Si l’homme est reconnu comme sujet agissant, il nous faut revenir à la nécessité de l’agir dans en matière économique. Nous avons vu dans le chapitre précédent que la recherche d’abondance est une réponse à la providence et une conséquence d’un désir profond de restauration d’une perfection initiale. Mais une autre justification de l’agir apparaît encore en complément. Elle enrichit le sens de l’alliance vu plus haut.

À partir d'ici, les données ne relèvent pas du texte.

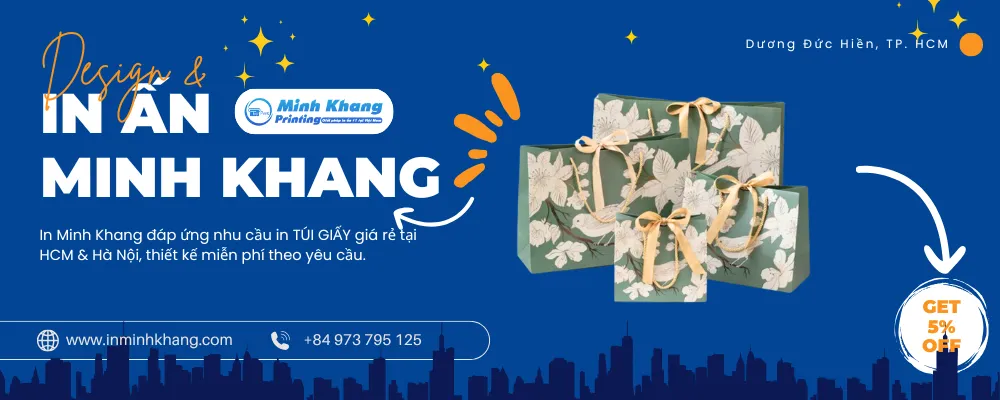 In Minh Khang là một trong những đơn vị chuyên cung cấp dịch vụ in túi giấy theo yêu cầu tại TP.HCM. Với nhiều năm kinh nghiệm trong lĩnh vực in ấn, Minh Khang đã trở thành đối tác tin cậy của nhiều doanh nghiệp, cửa hàng và cá nhân có nhu cầu in túi giấy chất lượng cao.
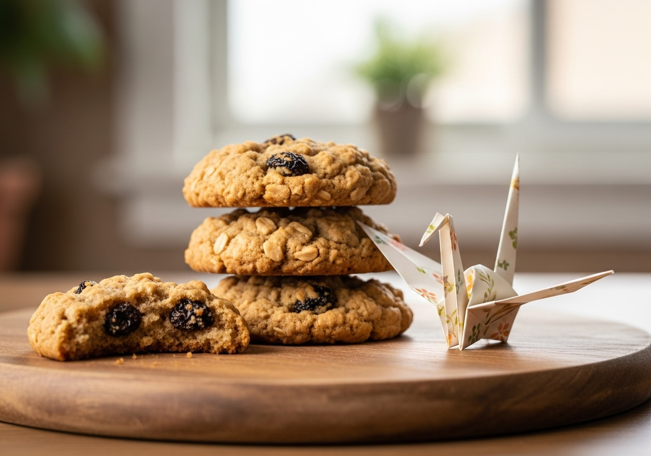 通常のからす麦クッキーがシンプルで素朴な美味しさを追求しているのに対し、「おりづるクッキー」は、より複雑で深みのある贅沢な風味を追求しています。
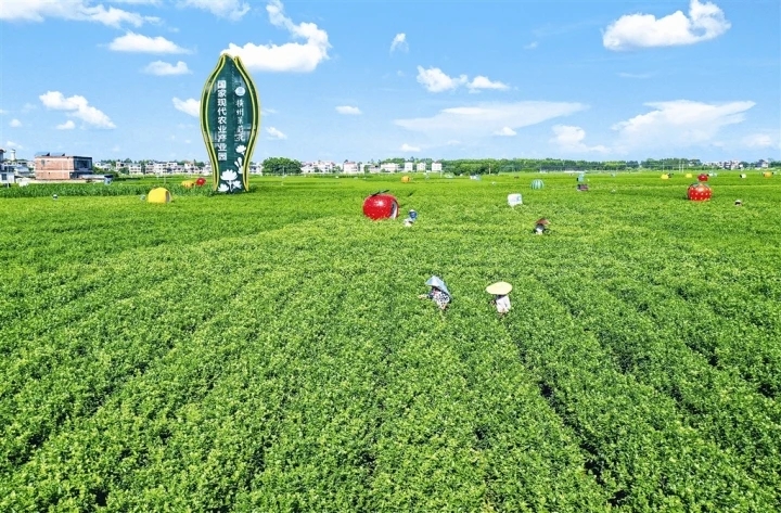 近年来,横州市不断延伸茉莉花产业链,积极打造茉莉花“1+9”产业集群,加快构建全产业链融合发展体系,让茉莉花香飘得更远。图为横州市国家现代农业产业园万亩茉莉花田。 (黄汝德 摄)
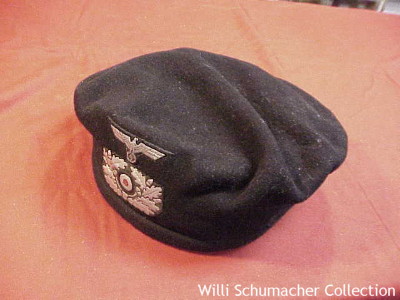 This headgear consisted of the soft padded crash helmet, which served to protect the heads of the panzer crew from injuries sustained when the vehicle was motoring over rough terrain, and the black cover. The helmet was circular in shape and manufactured with 1.5cm thick felt or red rubber sponge. The exterior was covered in black cloth and the interior was covered in black oilcloth and a leather sweatband. Additionally there was a 3.5cm cloth covered rubber sponge around the circumference of the helmet with a groove to hold the elastic band of the cover in place. There were six ventilation holes in a circular pattern and one center hole. The cover was an oversized black wool beret with an elastic band to hold it in place on the helmet. The cover contained the insignia on the front. Early insignia included a woven wreath with a stamped metal cockade and no national emblem. By order HV 35, No. 646, dated 30 October 1935, a standard had been established for the wearing of insignia on the black panzer beret. It consisted of a woven wreath and cockade using white cotton, later changed to silver-gray, on a black backing. The national emblem was also woven with white cotton, later changed to silver-gray, or aluminum wire for officers, on a black backing. By order HM 41, No. 64, dated 15 January 1941, the black panzer beret was abolished and replaced, however, it was maintained for crews of the Panzer type 38(t), of Czech manufacture, for drivers and co-drivers of armored personnel carriers, and according to order HM 41, No. 277 dated 7 March 1941, for drivers and co-drivers of armored tractors of the type Sd.Kfz.251. Although out of production in 1941, it continued to be worn after this date.
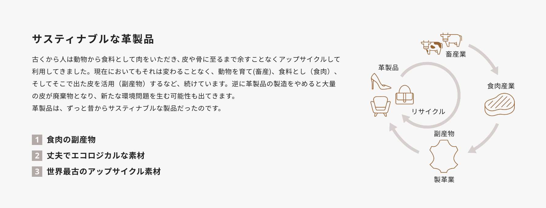 「マイクロピグメント仕上げ(LF RANK)」は、発色と耐光性を兼ね備えたマイクロピグメント(粒子の細かい顔料)を用いることで、 アニリン仕上げのような透明感を実現しています。さらに原皮は、ドイツ産のきめ細やかで柔らかなトップ5%~10%をセレクト。また、「エコトリムレザー」を採用しているので、製造の際に使用するエネルギーを15%削減しています。天然の風合いを活かし、革本来の柔らかな手触りや風合いを感じていただけます。生前についたナチュラルマークと呼ばれるキズやシワを含めて経年の変化もお楽しみいただけます。
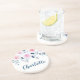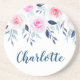 Elegante rosa Rosen und blaue Blätter Aquarellfarben mit individualisierbarem Text für einen Namen oder eine Monogramm auf einem Sandstein-Untersetzer.
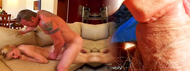 Stunning towheaded bitch Emma Mae had amazing doggy stance hump on red sofa
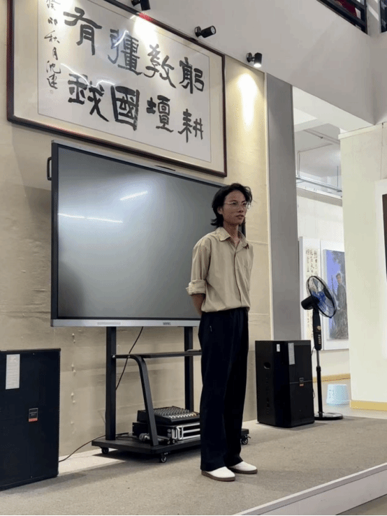 随后,书法系副主任张祥和老师在感谢学院支持的同时,特别指出本次展览策划长达一年,作品创作凝聚了半年的心血,他赞扬了谭炜睿的坚持与成果,并勉励其继续前行。
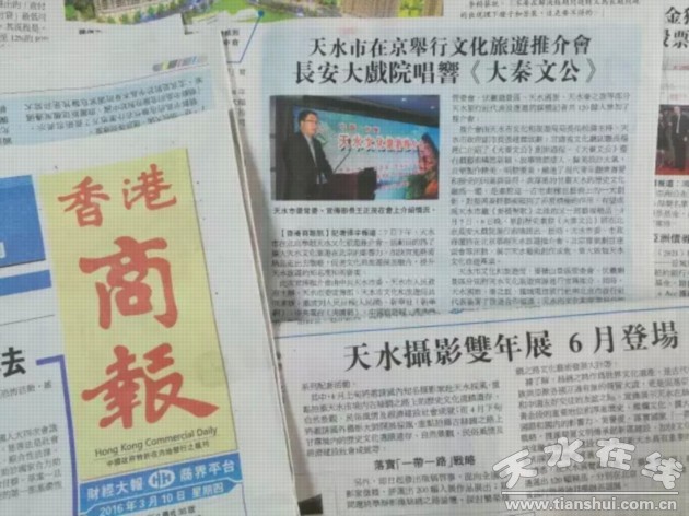 3月7日至3月9日,也是全國(guó)“兩會(huì)”期間,天水市在北京舉辦的天水文化旅游推介、原創(chuàng)歷史秦腔《大秦文公》進(jìn)京演出、“影像絲綢之路—天水國(guó)際攝影雙年展”新聞發(fā)布會(huì)等系列活動(dòng)。備受人民日?qǐng)?bào)(人民網(wǎng))、中央電視臺(tái)(央視網(wǎng))、中央人民廣播電臺(tái)(央廣網(wǎng))、新華網(wǎng)、經(jīng)濟(jì)日?qǐng)?bào)(中國(guó)經(jīng)濟(jì)網(wǎng))、光明日?qǐng)?bào)(光明網(wǎng))、中國(guó)新聞社(中新網(wǎng))、中國(guó)日?qǐng)?bào)、人民政協(xié)報(bào)、中國(guó)國(guó)際廣播電臺(tái)(國(guó)際在線)、中國(guó)文化報(bào)、香港商報(bào)、香港大公報(bào)、中國(guó)西藏網(wǎng)、中青網(wǎng)、新浪網(wǎng)、搜狐網(wǎng)、鳳凰網(wǎng)、優(yōu)酷網(wǎng)、北方旅游網(wǎng)等30多家媒體的關(guān)注,各大媒體除對(duì)活動(dòng)進(jìn)行消息報(bào)道外,還對(duì)天水人文歷史、文化旅游等諸多元素進(jìn)行解讀,社會(huì)反響強(qiáng)烈,有力地提升了天水的影響力、知名度和美譽(yù)度。
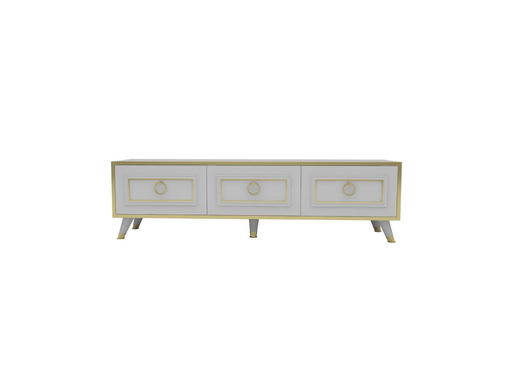 Vyroben z LTD lamina v bílé a zlaté barvě, s rozměry 44.6 x 150 x 29.6 cm. Plná dvířka a 3 zásuvky poskytují dostatek prostoru pro elektroniku a dekorace.
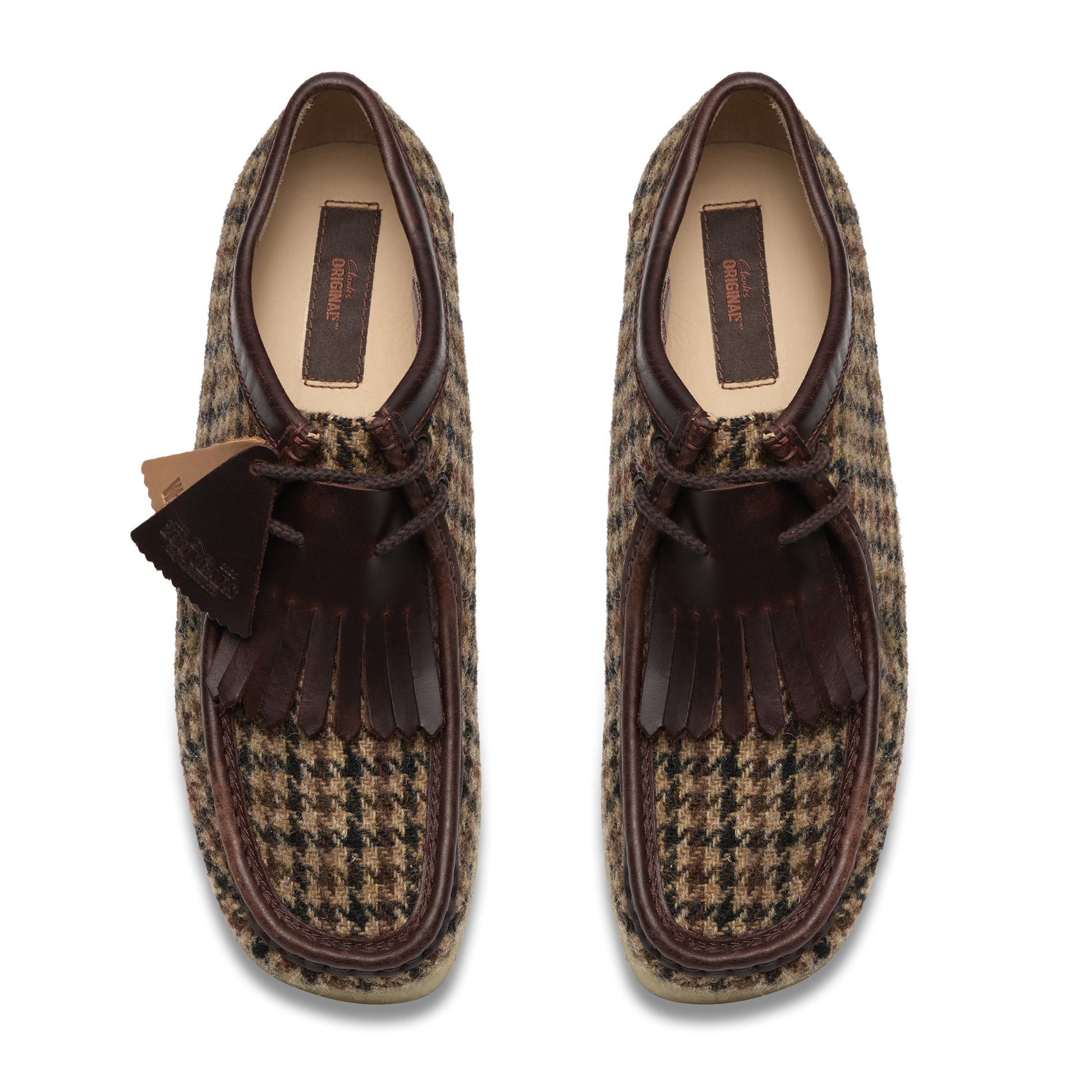 En limited-edition udgave af den ikoniske Wallabee™, skabt i samarbejde med Harris Tweed. Overdelen i rigt brun Harris Tweed kombineres med læderdetaljer for et raffineret udtryk. Skoen fuldendes med autentiske Harris Tweed-mærker, eksklusive Clarks Originals FOBs, aftagelig kiltie og en klassisk rågummisål, der sikrer komfort og greb. Et unikt møde mellem britisk håndværk og tidløs designarv.
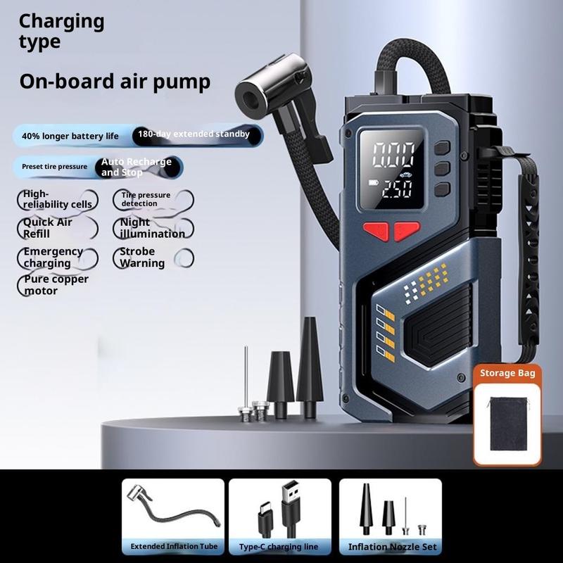 H06 Emergency Car Jump Starter & Tire Inflator - Digital Display Portable Air Pump with SOS Light & Flashlight
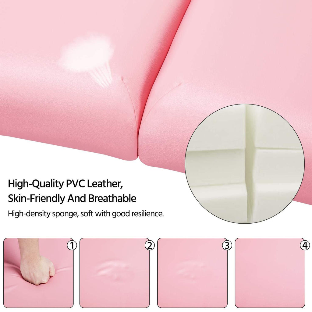 Massage Table Portable Massage Bed Massage Therapy Table Spa Bed 84 Inch Adjustable 2 Fold Salon Bed Face Cradle Bed Pink

La seconde partie se centre sur la justification de l’agir dans la vie matérielle par comparaison à l’action spirituelle. Nous reprenons la distinction que Calvin établit entre les « choses terriennes » et les « choses célestes ». Nous montrons que Calvin distingue précisément ces deux ordres, l’économie appartenant au premier. Pourtant, il les articule : il donne certes une supériorité aux choses spirituelles, mais il affirme que la gestion sérieuse des réalités matérielles est une nécessité pour accéder à la vie spirituelle. L’agir en économie est intégré dans une perspective de sanctification du croyant.

Le motif de la responsabilité est ici élargi à un devoir de participer à la transformation de la société et de soi-même dans un sens conforme à la volonté de Dieu. Le mauvais usage des richesses peut être profané par un bon usage, celui de servir aux prochains. La mauvaise gestion des richesses a pour conséquence la perte de sens de sa propre vie, comme un étouffement, un ensevelissement, une perte de sa capacité de sujet agissant.